Литмир - Электронная Библиотека
A
A

Вечером, усаживаясь за стол при свете лампы и маясь от не утихающей до утра закатной жары, он думал, глядя на детишек, тоже сидящих за столом, что его дело хлебороба даром не пропадёт: вон сколько у него продолжателей. Дарья поставила на середину большого стола огромное толстое фарфоровое жёлтое блюдо, привезённое мужем из Шербакуля с ярмарки в прошлом году, полное, с верхом, разваристой молодой картошки, посыпанной поджаристым луком, с. необыкновенным, манящим запахом, таким, что к нему сразу потянулись все — и любимые дети, и Настасья Ивановна с Марусей, а Дарья стояла и несказанно радовалась большой семье. Совсем недавно была одна, плакала и страдала от одиночества, а сейчас у неё уже трое детей. Она всё ещё с пристальным вниманием присматривалась к своему первенцу Пете, худенькому, бледному существу, но крепким лицом мальчику, которого она в первые дни ненавидела, как лютого врага, с нескрываемым омерзением глядела, как он ест, пьёт, желала ему смерти. Он, свидетель её позора и унижения, должен был сгинуть вовсе; в мыслях заходила ещё дальше — отравить или как бы случайно уронить в колодец. Придумывала ему десятки казней, но со временем свыклась, всё реже и реже его видела, передав заботы о нём Настасье Ивановне, и как-то однажды, наблюдая игру сына с бабочками, стаей летавшими у колодца, где пили пролитую воду, подумала с удивившим её саму спокойствием: «“Не убий” — первая и самая важная заповедь Христа. Так зачем же я ему желаю смерти? Разве он виноват в моём унижении?»

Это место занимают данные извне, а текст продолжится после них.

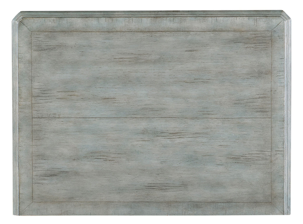 Capturing the vintage charm of coastal locales, the Charleston Two-Drawer Accent Table has an arched design between the understated cabriole legs and framed door fronts. Crafted of Hickory Veneers with solid wood tops, the table is finished in Waterscape Blue, a stain and paint combination with a transparent blue-green coloration, allowing you to see into the natural grain of the wood. The decorative bail pulls have an antique pewter finish with white hang up. Two self-closing drawers.

Она нарезала хлеб крупными ломтями, как любил муж, поставила его любимое постное масло, густую сметану в мисках, которую можно резать ножом, как хлеб, а также стеклянный кувшин с молоком и стаканы, потому что Иван привык картошку запивать молоком. Дарья присоединилась к застолью всё с той же счастливой улыбкой и нежным, подрагивающим блеском в глазах, отрешённо думая о том, что они скоро уедут в Москву, как будут собираться, как только после жатвы всем станет известно об их отъезде.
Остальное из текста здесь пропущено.